You may also enjoy Omnilingual ASR: Advancing Automatic Speech Recognition for 1,600+ Languages, TabPFN-2.5 Model Report, a paper on Synthetic Socratic Debates: Examining Persona Effects on Moral Decision and Persuasion Dynamics, and more!

As always, happy reading and hacking. If you have something you think should be in next week’s issue, find us on Twitter: @dl_weekly.

Until next week!

Industry

Kimi K2 Thinking

The Moonshot team introduced Kimi K2 Thinking, an open-source thinking model that sets new records across benchmarks that assess reasoning, coding, and agent capabilities.

Omnilingual ASR: Advancing Automatic Speech Recognition for 1,600+ Languages

Meta introduced Omnilingual Automatic Speech Recognition (ASR), a suite of models providing automatic speech recognition capabilities for more than 1,600 languages.

TabPFN-2.5 Model Report

Prior Labs releases TabPFN-2.5, a tabular foundation model that matches complex AutoGluon ensembles while scaling to 50,000 samples and 2,000 features.

Anthropic and Iceland announce one of the world’s first national AI education pilots

Anthropic and Iceland’s Ministry of Education and Children announced a partnership to bring Claude to teachers across the nation, launching one of the world’s first comprehensive national AI education pilots.

AI-powered visual presentation platform Gamma raises $68M at $2.1B valuation

Gamma announced that it has raised $68 million, led by Andreessen Horowitz, at a valuation of $2.1 billion.

MLOps & LLMOps.

Human-in-the-Loop Review Workflows for LLM Applications & Agents

A blog post explaining Human-in-the-Loop review workflows, including systematic tracing and structured rubric design.

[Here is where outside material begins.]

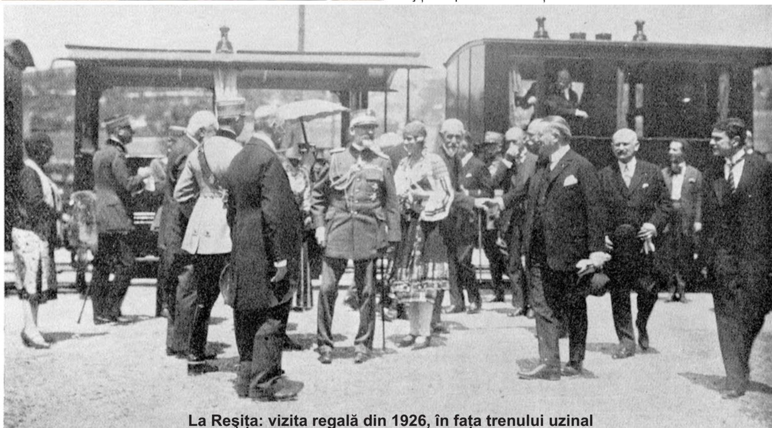
La Reșița: vizita regală din 1926, în fața trenului uzinal

Un astfel de eveniment special îl reprezintă și cel codificat sub denumirea „1-40-140”, dedicat aniversării a 140 de ani de la fabricarea primei locomotive cu abur românești la Reșița și împlinirii a 40 de ani de la inaugurarea expoziției de locomotive în aer liber ce constituie, astăzi, patrimoniul celui mai mare muzeu tehnic în aer liber din Europa - MLA Reșița - un proiect al Fundației UDR.

Building powerful RAG pipelines with Docling and OpenSearch

A technical blog post detailing how to build RAG pipelines by integrating the Docling document processing toolkit with OpenSearch for high-performance, metadata-aware vector retrieval.

Where to use sub-agents versus agents as tools

A blog post explaining the key difference between sub-agents and agents as tools in multi-agent systems.

Learning

Best LLM Observability Tools of 2025: Top Platforms & Features

Learn about the top LLM observability tools of 2025, including Opik, Langfuse, and Datadog, to monitor, evaluate, and optimize model performance.

Nested Learning: A new ML paradigm for continual learning

A foundational research blog introducing the Nested Learning paradigm, which unifies model architecture and optimization as interconnected problems to create continuum memory systems.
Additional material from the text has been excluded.